What you have to do: Beneath this instruction is a block of data; output from it exactly the lines that run from the one containing "In direct comparison, the" through the one containing "Radiant Vita Feminine", inclusive.

Exercise data:
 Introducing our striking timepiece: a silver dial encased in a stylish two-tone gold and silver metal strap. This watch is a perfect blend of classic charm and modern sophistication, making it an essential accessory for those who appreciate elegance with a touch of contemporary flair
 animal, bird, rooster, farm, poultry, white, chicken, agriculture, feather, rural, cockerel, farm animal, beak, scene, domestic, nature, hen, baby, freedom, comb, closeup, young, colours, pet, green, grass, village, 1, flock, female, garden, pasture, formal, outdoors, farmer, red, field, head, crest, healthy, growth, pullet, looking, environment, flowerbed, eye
==
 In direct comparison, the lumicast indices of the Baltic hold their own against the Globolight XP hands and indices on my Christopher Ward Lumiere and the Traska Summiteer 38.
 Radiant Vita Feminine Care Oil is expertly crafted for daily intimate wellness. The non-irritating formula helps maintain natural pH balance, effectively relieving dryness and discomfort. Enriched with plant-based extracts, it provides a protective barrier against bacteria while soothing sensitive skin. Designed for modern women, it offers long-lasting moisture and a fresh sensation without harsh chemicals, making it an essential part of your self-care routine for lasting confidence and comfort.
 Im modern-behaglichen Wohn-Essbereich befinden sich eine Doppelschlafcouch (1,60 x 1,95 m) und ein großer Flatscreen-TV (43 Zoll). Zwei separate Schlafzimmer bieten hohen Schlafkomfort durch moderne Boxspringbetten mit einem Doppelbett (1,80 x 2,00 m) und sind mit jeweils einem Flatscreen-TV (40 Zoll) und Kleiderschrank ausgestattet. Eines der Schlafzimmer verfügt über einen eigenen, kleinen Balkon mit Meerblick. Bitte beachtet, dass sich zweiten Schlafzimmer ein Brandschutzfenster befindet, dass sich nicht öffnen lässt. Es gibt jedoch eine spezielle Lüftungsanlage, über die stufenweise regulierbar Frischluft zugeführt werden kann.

Response area:
 In direct comparison, the lumicast indices of the Baltic hold their own against the Globolight XP hands and indices on my Christopher Ward Lumiere and the Traska Summiteer 38.
 Radiant Vita Feminine Care Oil is expertly crafted for daily intimate wellness. The non-irritating formula helps maintain natural pH balance, effectively relieving dryness and discomfort. Enriched with plant-based extracts, it provides a protective barrier against bacteria while soothing sensitive skin. Designed for modern women, it offers long-lasting moisture and a fresh sensation without harsh chemicals, making it an essential part of your self-care routine for lasting confidence and comfort.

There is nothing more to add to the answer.